それも当然だ。如何に大騎士といえど全長三十メートルの大怪獣に至近で睥睨されたなら、声すら出せずに恐怖に屈服する他ない。

 だが真紅の獣にとり、獲物の窮状など知ったことではない。獲物に動きがないと解るや、これ幸いにとばかりに凶悪な口を開いて―――リリアナ・クラニチャールの天上から紅い死を振り下ろしてきた!

 リリアナにこれを回避する術はない。そもそも躱すも何もない。騎士はいまだに指一本とて動かすことも叶わないのだから。彼女に出来るのは、ただ恐怖に戦慄き、瞳を大きく見開いて己の死を眺めることだけ。

 

 

 ―――そこに白い人影が跳び込んで来なければ、間違いなくそうなっていたであろう。

 

 

「……え? ぐッ――!」

 横から来た衝撃で彼女の小柄な体は簡単に吹き飛んでいく。地に五転六転してようやく体が止まっても、リリアナは起き上がれない。まったく現状認識が出来ていない彼女は、呆けたように、むくりと顔だけを上げて―――そこで見てはならないものを見てしまった。

「…………神無月宗一郎…………?」

 唇を震わせてリリアナは掠れた声で呟く。

 リリアナの瞳には神無月宗一郎が、なんと赤い巨犬に頭からがぶりと喰いつかれた光景が映っていた!

 真紅の獣は、まるで思わぬカタチで早々に難敵を仕留めたことに歓喜したかのように、若き神殺しの肉体に噛み付いたまま、巨大な頭部を天高く持ち上げて、勝利の美酒()を喉の奥に流し込む。

「がァ……。フゥ――!!」 

 自分の体外へと流れ出す血液をゴクゴクと呑み干していく異音を聴きながら、宗一郎が思ったのは、獣の口の中はあまり臭くないのだな、という心底どうでもいい感想だった。
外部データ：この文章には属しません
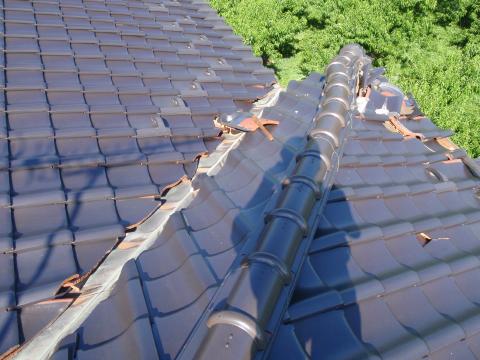 | 夜の内に電話をかけて瓦屋を手配。 早速翌朝行ってみました。見てびっくり、ホントにすごい風だったんだなと実感させられました。実際に飛ばされた瓦は割れたり、雨漏りしたりと目に見える被害なのですが、飛ばされてはいない登り棟瓦もかなり動かされてしまっています。割れたりめくれたりしている瓦は応急修理をして今日のところは終了。 見た目で判断するのではなく、動いてしまった瓦は全て今回積み直した方がいいと思います。それが修理方針のご提案でした。 |

 赤い巨犬の口腔に生えた剣山は、宗一郎の五臓六腑を完全に破壊していた。

 無論、問答無用の致命傷である。むしろ、心臓まで貫かれて息があるどころか、思考能力まで正常を保っていることの方が異常であった。

 おそらく魔王の肉体は心臓を破壊されたとしても、また首を斬り落されたとしても、即死に至ることはないのだろう。神殺しを即死に至らしめるのには、脳を完全に破壊する他ないらしい。
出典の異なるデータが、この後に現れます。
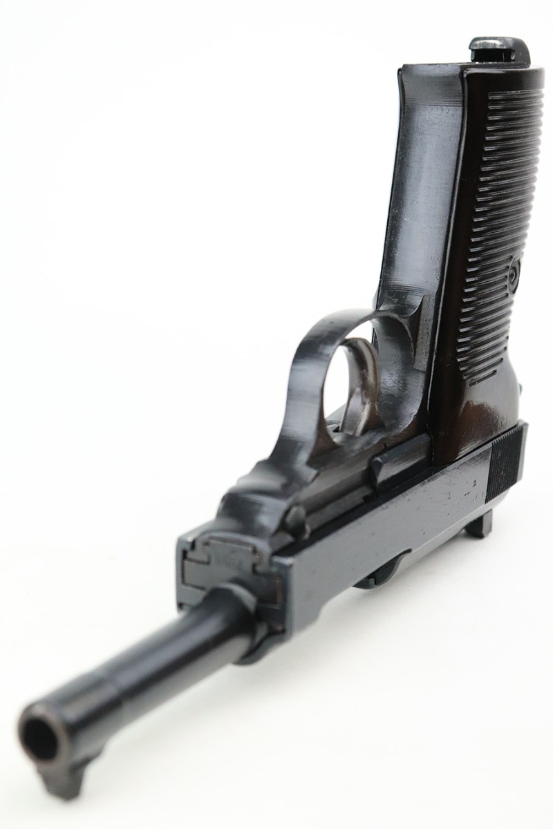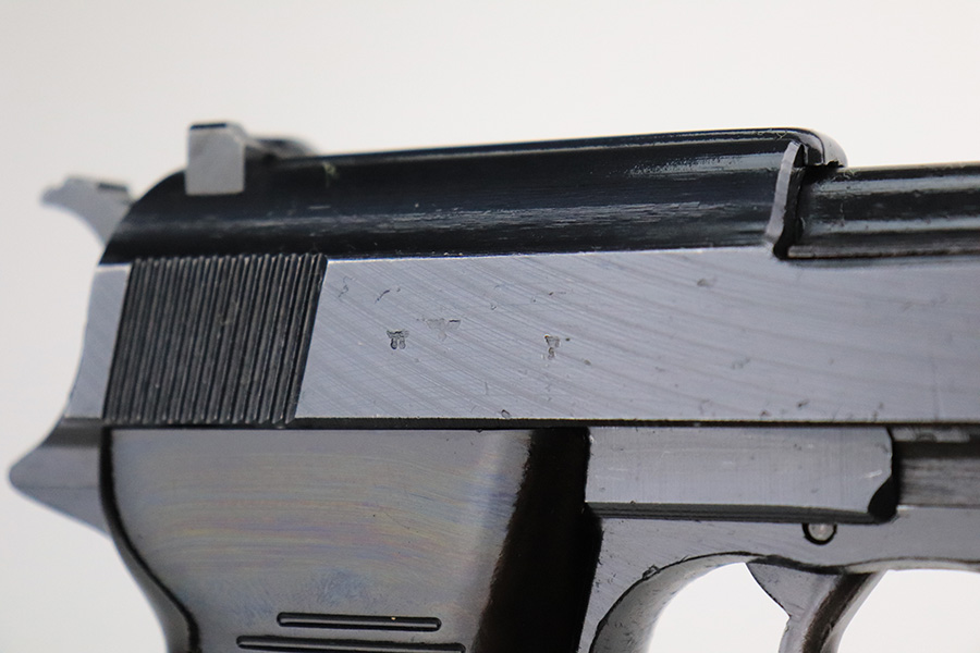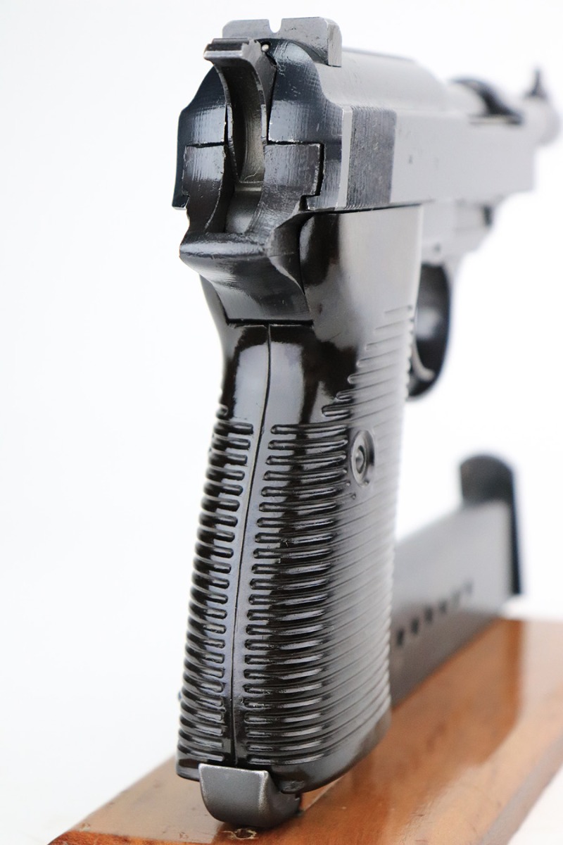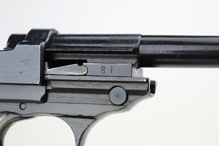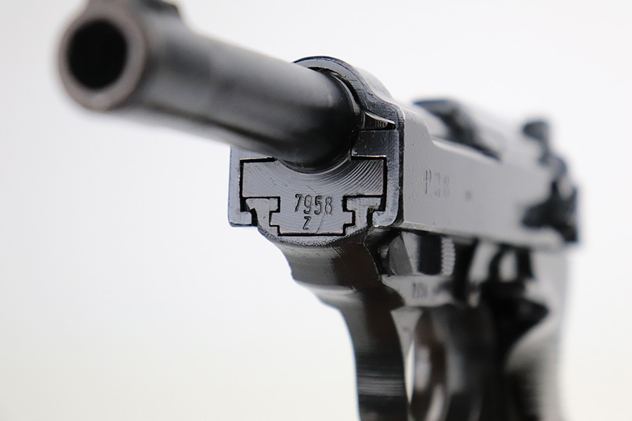 7/20/22 – This is a mint example of a late-war Spreewerk P.38 issued to the Nazi military in January of 1945. It is all matching and has the proper “Eagle 88” military acceptance proofs throughout. It also has the proper late-war cog-style hammer. It has retained virtually all of its bluing with just hints of wear on some of the high edges and a few very light handling marks on the right side of the slide. Comes with excellent bakelite grips and a period-correct jvd magazine. Mint bore. De-cocker is functional.

 と言っても、あとせいぜい数秒の寿命(いのち)に過ぎない。今も物凄い勢いで生命の砂時計が滑り落ちていくのを、宗一郎は感じ取っていた。

“どうして……!?”

 ふと宗一郎はそんな言葉を聴いた気がした。一瞬幻聴か、と思ったが違うだろう。おそらくはあの女騎士の声だ。どうやら彼女には宗一郎の献身に異論があるらしい。

 残り少ない血を溢しながら、宗一郎は苦笑する。とはいえ、純粋な善意に満ちた献身とは程遠いが。
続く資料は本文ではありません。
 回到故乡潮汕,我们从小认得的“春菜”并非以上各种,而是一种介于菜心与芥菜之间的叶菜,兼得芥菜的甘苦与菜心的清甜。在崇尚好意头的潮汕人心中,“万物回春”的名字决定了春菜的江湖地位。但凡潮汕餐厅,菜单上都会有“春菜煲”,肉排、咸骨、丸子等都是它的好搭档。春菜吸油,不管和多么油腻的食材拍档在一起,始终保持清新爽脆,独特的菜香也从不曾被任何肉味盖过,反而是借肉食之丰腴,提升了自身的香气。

 宗一郎がリリアナを庇ったのは、無力な少女を救うための英雄的行為、無私の献身ではない。魔王が騎士を救ったのは、ひとえに第二の超権を行使するための理由づけ。こうする必要があっただけに過ぎない。

 決断力を欠く宗一郎でも、事ここに至っては、胸の奥深くに埋めていた手札を晒すことに躊躇いはない。

 ああ―――そうだとも、こんな結末など断じて認めるわけにはいかない。クー・フリンとはもっと相応しい決着の付け方がある筈だ。

 何よりも宗一郎にはすべての神々を打倒するという悲願がある。こんな処で死んでいる暇はない。

 ごふっと咳き込む宗一郎。が、もうあまり血も出てこない。意識も徐々に薄れつつあるようだ。どうやら最期のときが来たらしい。こんなおぞまし経験をあと何度経験する羽目になるのだろうか。

 奇しくもクー・フリンが呟いたように、宗一郎も胸中で思う。このままおめおめと敗北を認めてしまうよりはいい、と。

 戦士であることを捨て理性なきケダモノと化してまで勝利を求めたクー・フリンと同じく、宗一郎もまた勝利のために戦士の誇りを捨てる。

 すべては勝利を手にするために。

 死の間際、宗一郎の脳裏によぎるのは妹である佐久耶のことではなく、命を救ったリリアナのことでもなかった。

 黄金色に輝く大麦―――『穀物』のイメージが胸に満たされる。それを最後に宗一郎の魂魄は闇へと沈んでいった。